Library budgets are declining and end-user expectations are increasing. Inflation
and the growing information deluge have further complicated the situation.
LIPs have no option but to develop new policies and strategies to do more
with less. No single library or information centre is in a position to empower
the end-user with pertinent information in a timely manner. This is because
of change which is the only constant today. If we look around carefully,
we find that there is a shift from stand alone libraries to library and information
networks; from printed publications to formless data; from ownership to access;
from intermediation to disintermediation; from teaching to learning; from
learning to creating; from intra-action to interaction; and from real to
virtual. The Internet and the Web have given a death blow to the traditional
constraints of space and time. The world has become very small with the emergence
and convergence of information and communication technologies (ICTs). Tele-working
and e-learning is taking place with the help of cutting-edge technologies.
But these facilities are available to the elite only. The non-elite or the
info-poor are still miles away from the actual and potential benefits of
the Web. Even then, we should not look back in anger; rather we should look
forward with a smile and develop policies and strategies which enable us
to narrow down the growing gap between the info-rich and the info-poor. ICTs
have the potential to do this.
We are living in an era
where uncertainty is the only certainty, instability is the only stability,
and change is the only constant. But even
then, neither
the traditional library has become a relic of past, nor the multimedia virtual
library a harbinger of future. In fact, library as a metaphor of our documentary
heritage is going to stay with us sine die. Only its role is expanding and
status changing.
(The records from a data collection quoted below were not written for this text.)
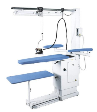 Profesjonalny stół prasowalniczy posiadający uniwersalną deskę z możliwością regulacji wysokości. Odsysanie, wbudowany komin oraz podgrzewanie elektryczne sprawiają, iż prasowana na nim odzież zachowuje swoją jakość. Regulacja temperatury stołu za pomocą termostatu pozwala na ciągłą kontrolę temperatury blatu. Dodatkowym atutem jest wbudowany nadmuch ułatwiający prasowanie delikatnych tkanin.
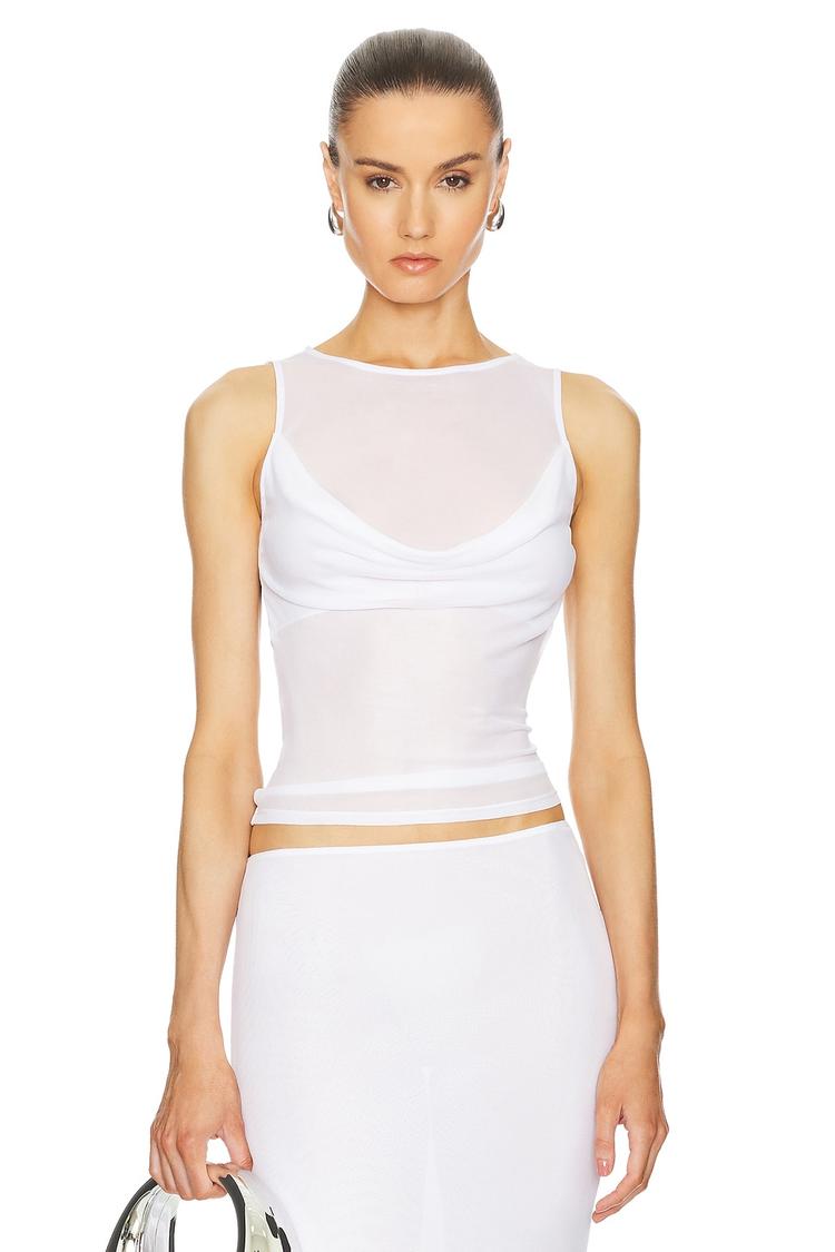 Effortless sophistication meets a delicate, translucent touch with this Sheer Knit Draped Top. Crafted from 100% viscose, the sleeveless design features a lined upper for modesty while a sheer mesh layer adds ethereal texture. A draped cowl neck creates a soft, flattering neckline, and a cropped silhouette keeps the line modern and sleek. The back offers a clean, open finish that pairs beautifully with high-waisted skirts or tailored pants. Perfect for layering under a blazer for workwear polish or styled for a chic evening look. Dry clean only for lasting elegance.
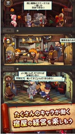 仲間になったヒーローたちは、皆宿屋に入ります。クエストをクリアしてストーリーが進むたびに、宿屋を拡張していくことが可能で、宿泊部屋を充実させることによって、ヒーローたちの能力もアップしていきます。パーティがより強力になって、バトルを有利に進められるようになるでしょう。宿屋を増築し、ヒーローたちが増えていく様子は眺めているだけで楽しく、キャラクターたちの可愛いビジュアルも手伝って、ほのぼのとした癒しの空間が広がります。ぜひほのぼの経営とバトルの両方を、スマホで気軽に楽しんでみてくださいね。
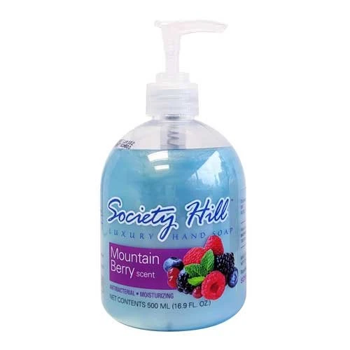 Liquid Antibacterial Handsoap Society Hill offers an upscale antibacterial liquid handsoap in a delightful mountain berry scent. This hand soap is perfectly suited for general hand washing. The gentle moisturizers keep hands soft even after repeated washing. This order contains 12/500 ml bottles with pumps included.
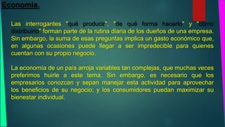 Este documento presenta una introducción a la microeconomía. Explica que la microeconomía estudia el comportamiento de unidades económicas individuales como hogares y empresas, así como su interacción en los mercados. También define la macroeconomía como el estudio del funcionamiento de la economía nacional y global.
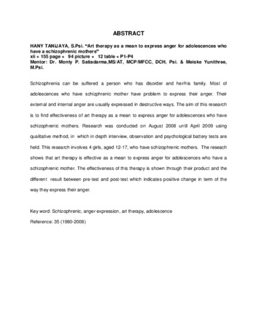Tanijaya, Hany (2009) Art Therapy Sebagai Sarana Mengekspresikan Kemarahan Pada Remaja Yang Memiliki Ibu Dengan Gangguan Skizofrenia. Masters thesis, Universitas Tarumanagara.
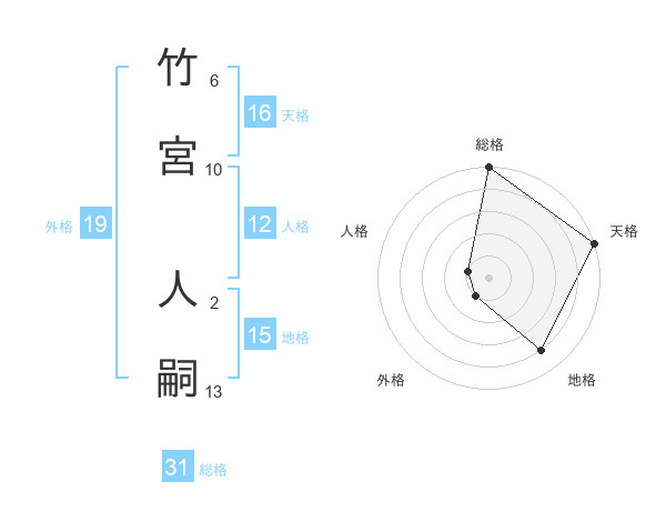 竹宮 人嗣さんの総格は31画の5点!
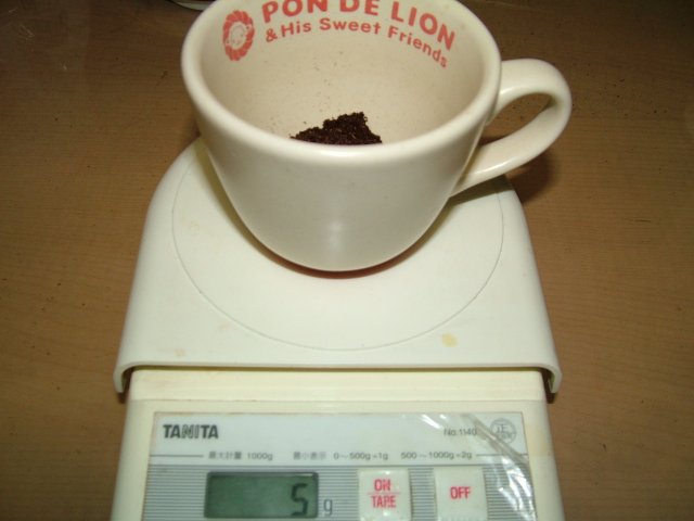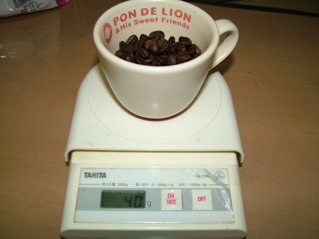 まず、珈琲豆の状態で5杯分、40グラムきっかり準備して中挽きで挽きました。
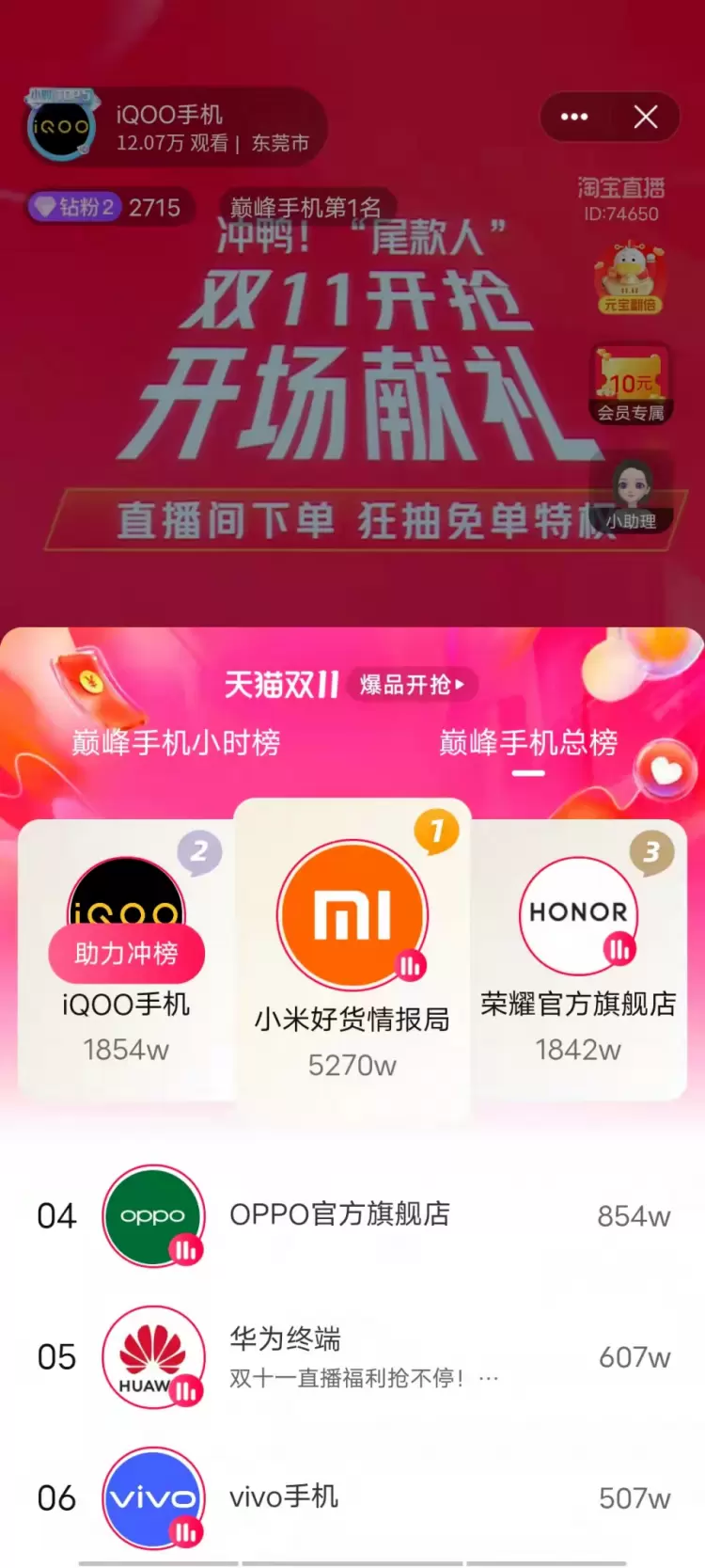 值得注意的是,这并不是iQOO第一次在直播这一新战场上取得亮眼成绩。双十一开门红期间,作为新锐手机品牌,iQOO拿下了天猫双11直播巅峰手机总榜排行TOP2,大促实时累计成交金额突破1亿的好成绩,自播渗透率位居手机行业第一。
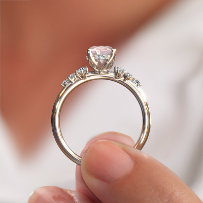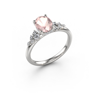 This 14 Carat white gold ring is called Emma OVL and is set with morganite champagne. How would you describe the style of the love of your life? Does she have a unique sense of style? This stunning sublime white gold engagement ring can be custom-made to your own or her liking. Our morganite champagne gemstones have been carefully selected because we believe your fantasy engagement ring must be adorned with nothing but the most beautiful gemstone. Don't you agree? This jewel is made by a team of passionate goldsmiths and jewel designers. This will make your crown jewel truly eye-catching.By using a combination of the latest modern techniques, combined with ancient crafting, we can make all our engagement rings in our own studio. Each jewel is made to order. This is advantageous because we can offer you a price you won't find anywhere else.Different styles of new rings are made daily by our team. Perhaps you have found a pavé solitaire engagement ring somewhere. One you would like to give to your loved one. Please feel free to share your thoughts and design with our jewel designers. We would love to turn your design into a fantasy engagement ring. You can follow the development of your ring design because we use very detailed 3D drawings. On top of that, you can order a dummy of the design. A dummy is a plastic ring, which can be shaped according your ring design. You can try it on and check if the engagement ring is up to standard. We will gladly send you a non-binding offer, based on a fair price/ quality ratio. The offer will baffle you, considering the quality of the ring and gemstones.To make it easier for you, we offer a 30 day return policy. Check our terms and conditions.
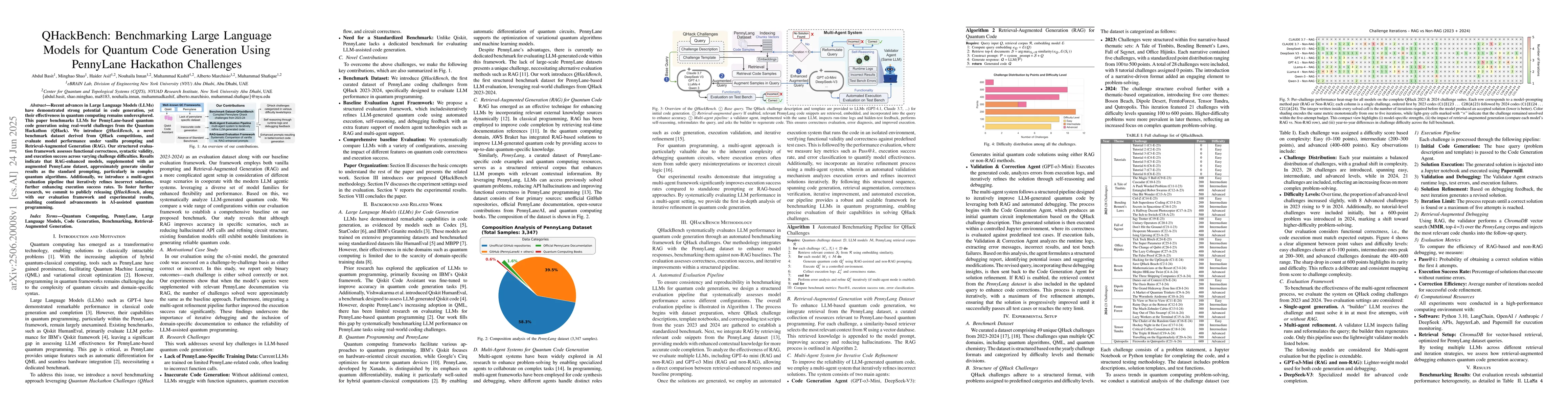Recent advances in Large Language Models (LLMs) have demonstrated strong potential in code generation, yet their effectiveness in quantum computing remains underexplored. This paper benchmarks LLMs for PennyLane-based quantum code generation using real-world challenges from the Quantum Hackathon (QHack). We introduce QHackBench, a novel benchmark dataset derived from QHack competitions, and evaluate model performance under vanilla prompting and Retrieval-Augmented Generation (RAG). Our structured evaluation framework assesses functional correctness, syntactic validity, and execution success across varying challenge difficulties. Results indicate that RAG-enhanced models, supplemented with an augmented PennyLane dataset, approximately generate similar results as the standard prompting, particularly in complex quantum algorithms. Additionally, we introduce a multi-agent evaluation pipeline that iteratively refines incorrect solutions, further enhancing execution success rates. To foster further research, we commit to publicly releasing QHackBench, along with our evaluation framework and experimental results, enabling continued advancements in AI-assisted quantum programming.
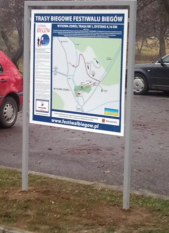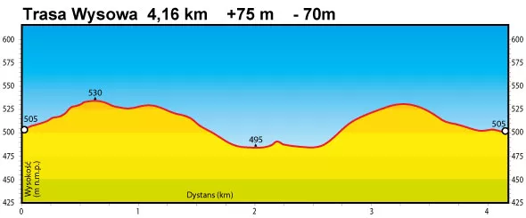 Trasa bierze swój początek obok parkingu przy Rozlewni Wód Mineralnych "WYSOWIANKA", a następnie tuz za mostem na potoku Szumniak uchodzi w głąb parku zdrojowego gdzie przy drugiej kładce pieszej przekracza potok i prowadzi do drogi asfaltowej. Dalej do skrzyżowania, na którym kieruje się w stronę sanatoriów gdzie zaczyna opadać ku rzece Ropie i zawraca. Po ok. 1,3km na wysokości Instytutu Zdrowia Człowieka ponownie uchodzi do parku kończąc sie zbiegiem do parkingu.
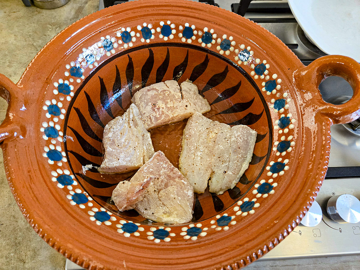 Om du använder ben- och skinnfria bitar av fiskfilé är det en god idé (men inte nödvändig) att mjöla och lätt försteka fisken innan den hamnar i grytan, det gör att den lättare håller ihop då du enbart snabbt behöver värma upp den i grytan igen. Använder du hel fisk eller fisk med skinnet på kan du hoppa över detta steg!
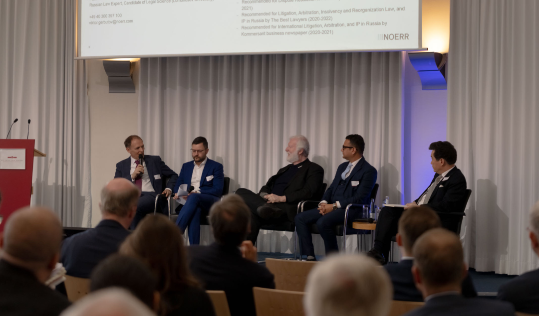 3月23日,在2026汉堡国际仲裁日期间,贸仲与DIS以及巴西-加拿大商会仲裁与调解中心(Center for Arbitration and Mediation of the Chamber of Commerce Brazil-Canada,简称CAM-CCBC)联合举办了以“欧盟制裁与俄罗斯卢戈沃伊法时代下的仲裁及执行程序”为主题的国际仲裁研讨会。在研讨会上,贸仲仲裁员陶景洲先生围绕着依据俄罗斯卢戈沃伊法作出的裁决在中国的效力及相关制裁制度对跨境争议解决可能产生的影响进行了专题分享。

A library today is required to serve as a local gateway to
world's wisdom, and a library and information professional to act as a facilitator
for the end-users. With emergence of the Web, a lot of junk is also being made
available as there is no competition for space now-a-days. The end-user sometimes
is totally bewildered and looks desperately towards a library and the information
professional for timely help. LIPs are required to save the end-user from this
junk and information overload by acting as facilitators and providing them
with massive real-time access to quality information. They should not be satisfied
only with information management; rather they should make efforts for knowledge
and wisdom management also. They are required to forget many irrelevant things
to remember numerous relevant things, and also to unlearn many useless skills
to learn and relearn Web-based competencies. The future library should be a "hybrid
library"; and it should be "user-centred"; and "expert-assisted".
An effort will be made by me, in this online conference, to inform the virtual
colleagues of what is happening in India and other south Asian countries in
this regard. How libraries and LIPs are responding to the challenges of change.
Just for a cue, in India we have a J-Gate, an INDEST, and the UGC-Info net
developed by a private vendor, Ministry of Human Resource Development, and
the University Grants Commission respectively. I mean to say, there is a clear
trend from multimedia databases to polyglot portals to empower the end-users.